In this study, the authors demonstrated that DDX3, which interacts with ORF2, is involved in the mechanism by which ORF2 suppresses interferon-β production in HEK293-derived cells. Independently, they also showed that the ATPase activity of DDX3 is involved in HEV replication.

Thank you for making the revisions according to the comments. However, their response is still insufficient.

 

The interaction between ORF2 and DDX3 has only been examined under artificial conditions using co-IP in HEK293-derived cells. Therefore, validation using liver-derived cells under physiological conditions is essential. The authors should at least confirm co-localization under a microscope. If the interaction cannot be confirmed under physiological conditions, the results obtained from co-IP may represent non-specific binding.

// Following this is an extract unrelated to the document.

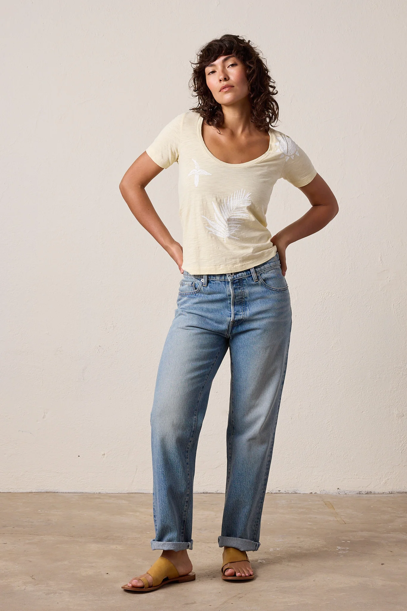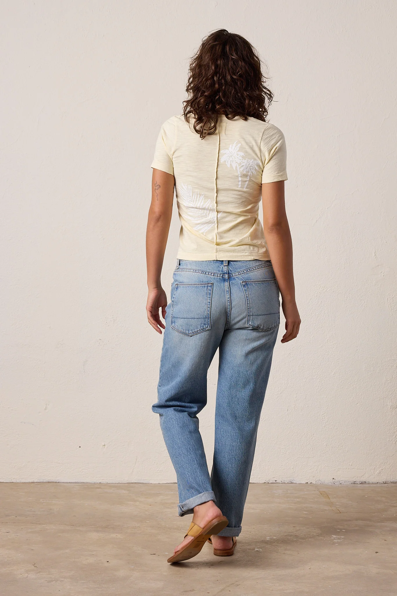 NSF Tally Slim Fit U Neck Slub Jersey Surf City Tee - Lemonade
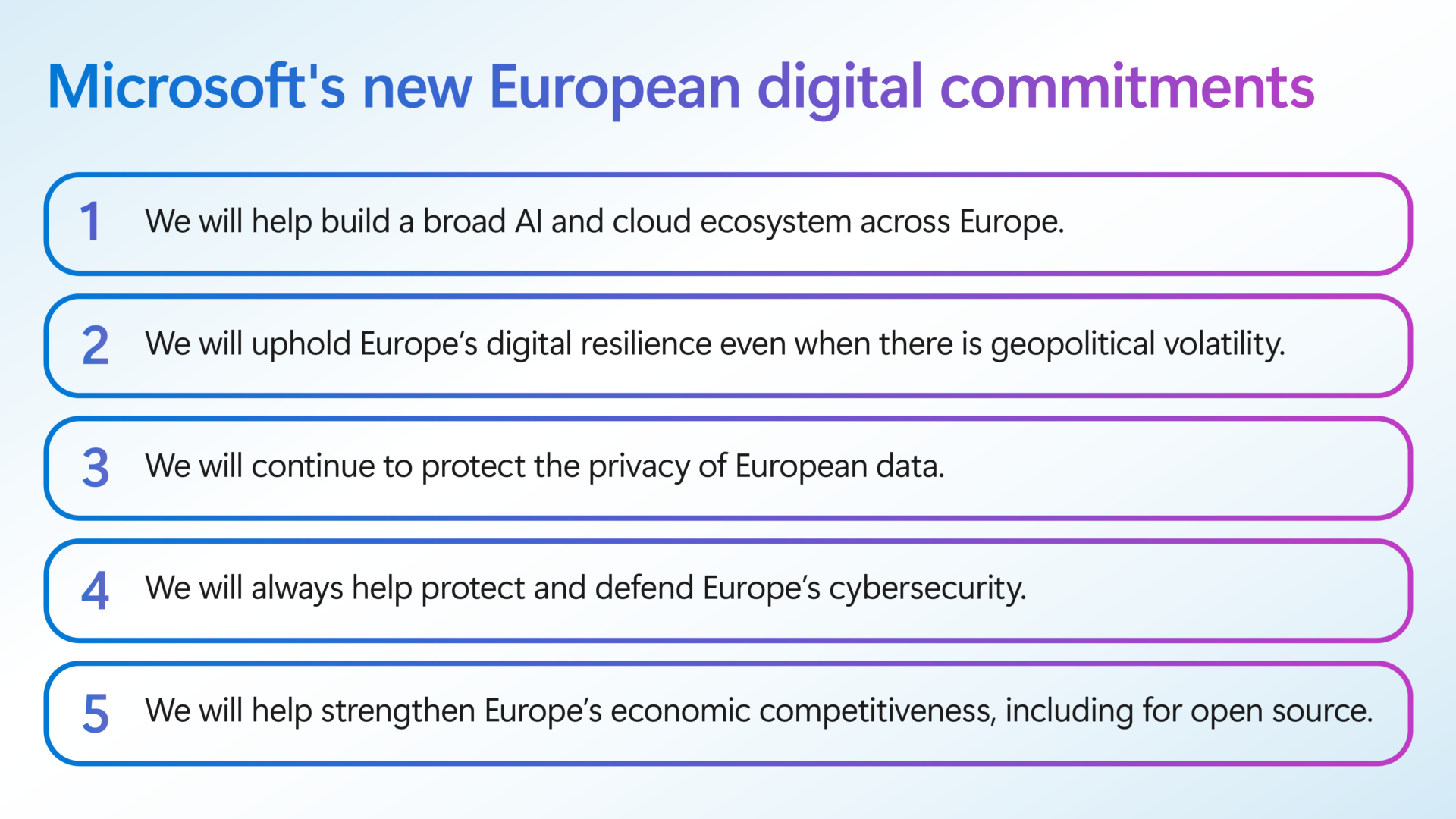 We recognize the importance of a diversified technology ecosystem, and we are committed to collaborating with European participants across the tech ecosystem,” Smith said, as Microsoft made five European commitments including ongoing investment in “sovereign” cloud data centres. He highlighted a partnership with Capgemini and Orange in France called “Bleu” that offers Microsoft Azure cloud services and Microsoft 365 productivity tools “operated under French control” and a similar sovereign cloud initiative in Germany via a partnership between Microsoft, SAP, and consultancy Arvato Systems that through SAP subsidiary, Delos Cloud GmbH, is creating a “sovereign cloud platform for the German public sector… in German datacenters and operated by German personnel.

Thank the reviewer for the comment. We have conducted immunofluorescence assay of liver-derived HepG2/C3A cells and added the images showing the co-localization of ORF2 and DDX3 (Figure 2C). IFA and confocal microscopy imaging results show that pORF2 and DDX3 have partial co-localization with Pearson’s correlation coefficient (PCC) of 0.82 (Figure 2C). The result from liver cells is consistent with the Co-IP finding in HEK-293 cells, suggesting the interaction between these two proteins.

Round 3

Reviewer 3 Report

Comments and Suggestions for Authors

Thank you for the additional experiments and manuscript revisions. I believe it is now suitable for publication in its current form.